The mounts really changed the way the car handles; its not subtle, I can really feel an improvement in the way the engine's torque is delivered to the wheels. Its hard to explain but when I step on the accelerator the power transfer is simply BETTER. Shifting through gears feels solid too. I've spent (IMO, a lot of) $$$ on improving power alone, but these mounts help in making the most out of it.
There was, however, an as-equally-noticeable increase in NVH. I did some highway driving and at 90-100mph in 6th gear the exhaust was droning quite a bit. Some trim bits have started to rattle, I'll have to isolate them better but it should be a piece of cake.

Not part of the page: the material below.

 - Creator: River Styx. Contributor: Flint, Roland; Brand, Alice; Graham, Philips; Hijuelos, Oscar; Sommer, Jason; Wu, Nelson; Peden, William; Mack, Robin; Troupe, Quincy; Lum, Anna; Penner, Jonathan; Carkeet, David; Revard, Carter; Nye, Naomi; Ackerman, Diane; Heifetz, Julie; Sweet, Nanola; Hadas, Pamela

My car is a DD so I guess if I had the Tracks in I could be really annoyed, but with the Streets its all in the margins of reasonable (and that is subjective I know). 
http://****************.com/smile/emthup.gif http://****************.com/smile/emthup.gif http://****************.com/smile/emthup.gif to 034 and INA for these mounts!


----------



## INA (Nov 16, 2005)

*Re: *** DENSITY LINE MOUNTS - MKIV Platform - 2.0 AEG *** (INA)*

http://****************.com/smile/emgift.gif


----------



## Sf01JeTTurbo (Jul 2, 2006)

Im debating wether to get these or the vf engineering mounts? im going to be pushing over 250whp by the end of next month and am not sure which kind i should get. anybody know more on these?


----------



## INA (Nov 16, 2005)

*Re: *** DENSITY LINE MOUNTS - MKIV Platform - 2.0 AEG *** (INA)*


_Quote, originally posted by *Sf01JeTTurbo* »_Im debating wether to get these or the vf engineering mounts? im going to be pushing over 250whp by the end of next month and am not sure which kind i should get. anybody know more on these?

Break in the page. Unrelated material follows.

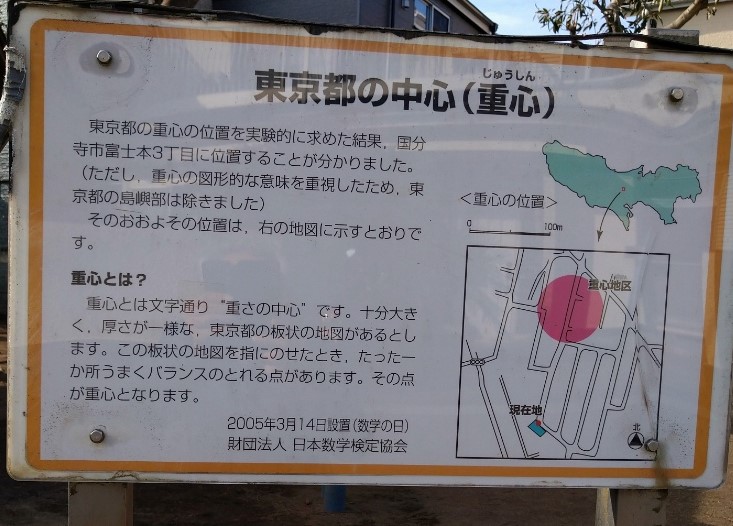 検定協会」が設置した『東京都の中心(重心)』

Get the street density units. http://****************.com/smile/emgift.gif


----------



## carbide01 (Jul 12, 2003)

*Re: *** DENSITY LINE MOUNTS - MKIV Platform - 2.0 AEG *** (INA)*


----------



## SLVR SLUG (Dec 10, 2006)

i have dog bone inserts and they helped a li bit. but i def think its time ti step it up to these once i get the turd blow in. very nice to know someone sells all 3 mounts for a decent price. how hard are they to install? i did a dog bone in like 30 min.


----------



## INA (Nov 16, 2005)

*Re: (SLVR SLUG)*


_Quote, originally posted by *SLVR SLUG* »_i have dog bone inserts and they helped a li bit. but i def think its time ti step it up to these once i get the turd blow in. very nice to know someone sells all 3 mounts for a decent price. how hard are they to install? i did a dog bone in like 30 min.

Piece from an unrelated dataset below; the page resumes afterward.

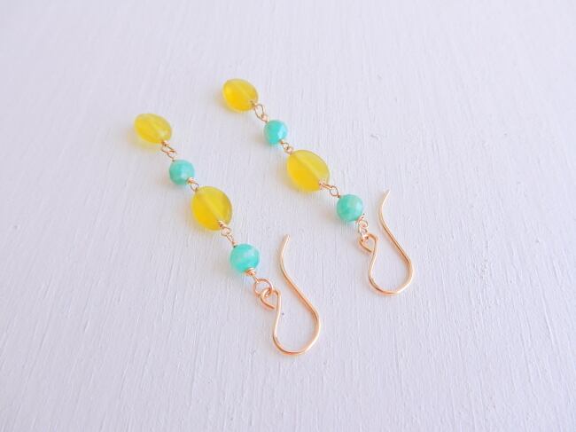 対象的な爽やかグリーンのアマゾナイトを合わせたロングピアスです。

The dog bone I would say is the hardest one to do.The front engine mount and transmission mount are very easy to do.
20 mins tops for the 2 of them. http://****************.com/smile/emgift.gif


----------



## GaTeIg (Jul 6, 2005)

Very worth it. Great upgrade. I got the "street" tranny and engine mount and everything is well sorted. Issam is great guy to deal with. helped me get the mounts in time for my clutch job.


----------



## INA (Nov 16, 2005)

*Re: (GaTeIg)*


_Quote, originally posted by *GaTeIg* »_Very worth it. Great upgrade. I got the "street" tranny and engine mount and everything is well sorted. Issam is great guy to deal with. helped me get the mounts in time for my clutch job.

Glad you like it bro!


----------



## SLVR SLUG (Dec 10, 2006)

do these come with new mounting bolts as well? IIRC the factory ones are stretch bolts. or i could be wrong and be talking out my yang again...


----------



## INA (Nov 16, 2005)

*Re: (SLVR SLUG)*


_Quote, originally posted by *SLVR SLUG* »_do these come with new mounting bolts as well? IIRC the factory ones are stretch bolts. or i could be wrong and be talking out my yang again...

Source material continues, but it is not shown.